For many clients, not having this amount of the QCD reflected as a part of their taxable income can have significant planning benefits in terms of managing their adjusted gross income levels. For example, the cost of your client’s Medicare Part B premiums are determined by their modified AGI. The amount of the QCD will reduce taxable income and can help your client manage their AGI to help them keep their Medicare premiums lower in future years.

Depending upon your client’s situation, they could face phase-outs based on the level of their AGI for things such as the eligibility to make Roth IRA contributions if they have earned income, utilizing certain itemized deductions and exemptions and managing the net investment income tax connected with the taxation of long-term capital gains.

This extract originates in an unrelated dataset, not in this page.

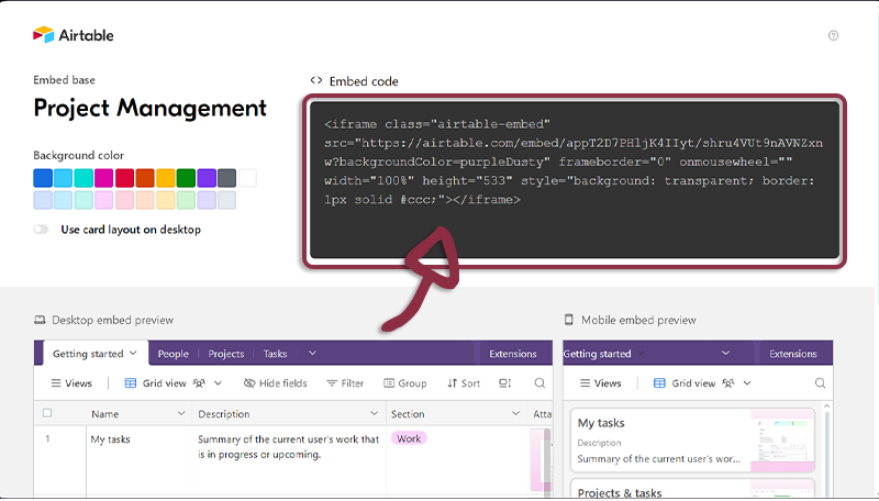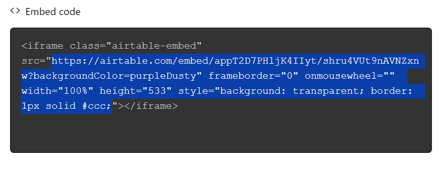 - You can retrieve Airtable URL from a column value, you just need to extract the link from the embed code as shown below.

4. QCDs are made as an individual.

In the case of a married couple, each spouse has their own $100,000 annual limit for QCDs from their respective traditional IRAs, just as they each have their own RMD. For married clients, having both clients take a QCD from their traditional IRAs can allow them to make significant charitable contributions in some cases. Depending upon their situation and desires, they could give up to $100,000 each to qualified charities.  

A Caution About QCDs

One cautionary note about QCDs for clients making contributions to a traditional IRA after age 70 ½which is allowed under the Secure Act: These contributions can affect the amount of QCDs allowed for that client

QCDs are a viable planning tool for clients who are at least age 70 ½ and charitably inclined. Your guidance can help your clients determine if QCDs are right for them in 2021 and beyond.